I have stumbled upon a sample maths question during my revision, and I have no idea how to solve it. Can anyone help or guide me along?
Given a piece of rectangular paper of 11 cm by 8.5 cm. The lower left-hand corner is to be folded over to reach the top edge as shown in the diagram. How would you fold it so as to minimize the length of the crease y ? In other words, how would you choose x to minimize y ? (Try it with paper yourself.)
To make life easier, let the width of the paper be $1$; we can scale up to $8.5$ at the end. Look at the "missing" triangle at the bottom left. Let the angle on the right of that triangle, the angle of the fold, be $\theta$.
Then what you have called $x$ is $y\sin\theta$.

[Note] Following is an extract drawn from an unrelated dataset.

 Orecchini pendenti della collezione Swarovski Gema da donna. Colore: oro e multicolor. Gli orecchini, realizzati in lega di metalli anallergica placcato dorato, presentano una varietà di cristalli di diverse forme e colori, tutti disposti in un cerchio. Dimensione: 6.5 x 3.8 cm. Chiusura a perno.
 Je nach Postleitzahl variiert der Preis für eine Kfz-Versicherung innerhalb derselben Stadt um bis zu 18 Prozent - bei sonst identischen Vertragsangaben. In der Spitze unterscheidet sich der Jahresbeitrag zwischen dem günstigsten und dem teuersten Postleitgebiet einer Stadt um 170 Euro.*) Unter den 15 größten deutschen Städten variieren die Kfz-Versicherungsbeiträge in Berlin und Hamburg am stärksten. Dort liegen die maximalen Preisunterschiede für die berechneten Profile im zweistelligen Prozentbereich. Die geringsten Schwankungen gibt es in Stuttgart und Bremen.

Now look at the little triangle at top left. Its bottom angle, by angle-chasing, is $2\theta$. Its hypotenuse is $y\sin\theta$, and the "adjacent" side is $1-y\sin\theta$. So we obtain $$\frac{1-y\sin\theta}{y\sin\theta}=\cos 2\theta.$$ Solve for $y$. We get $$y=\frac{1}{\sin\theta(\cos 2\theta +1)}.$$ The identity $\cos 2\theta=2\cos^2\theta -1$ improves this to $$y=\frac{1}{2\sin\theta\cos^2\theta}$$ We want to minimize $y$. So we want to maximize $\sin\theta\cos^2\theta$, that is, $2\sin\theta(1-\sin^2\theta)$. So we are in essense minimizing $2t-2t^3$.
Differentiate as usual. We find that for smallest $y$, we need $\sin\theta=\frac{1}{\sqrt{3}}$. The corresponding $y$ is $\frac{3\sqrt{3}}{4}$, which (almost) gives $\frac{3}{4}$ for your $x$, except that we need to scale up by the factor $8.5$. The prettiness of the number $\frac{3}{4}$ undoubtedly means that the calculus way, though simple enough, is not optimal.

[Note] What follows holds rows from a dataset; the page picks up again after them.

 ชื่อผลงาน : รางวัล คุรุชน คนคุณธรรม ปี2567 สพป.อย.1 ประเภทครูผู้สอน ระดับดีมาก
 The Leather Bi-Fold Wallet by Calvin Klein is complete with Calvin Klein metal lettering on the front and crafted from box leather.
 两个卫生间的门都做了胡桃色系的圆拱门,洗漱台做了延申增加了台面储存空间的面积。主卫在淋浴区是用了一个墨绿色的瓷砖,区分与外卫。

The length of the paper is a red herring, you can crease even an infinitely long strip of paper. Considering the infinitely long strip, and moving the point where the crease hits the bottom margin to the right, you see the maximal $y$ is just $\infty$. Moving that point to the left diminishes $y$, which gets minimal when $x$ hits the top, i.e., $x = 8.5$ with $y = 8.5 \sqrt{2}$.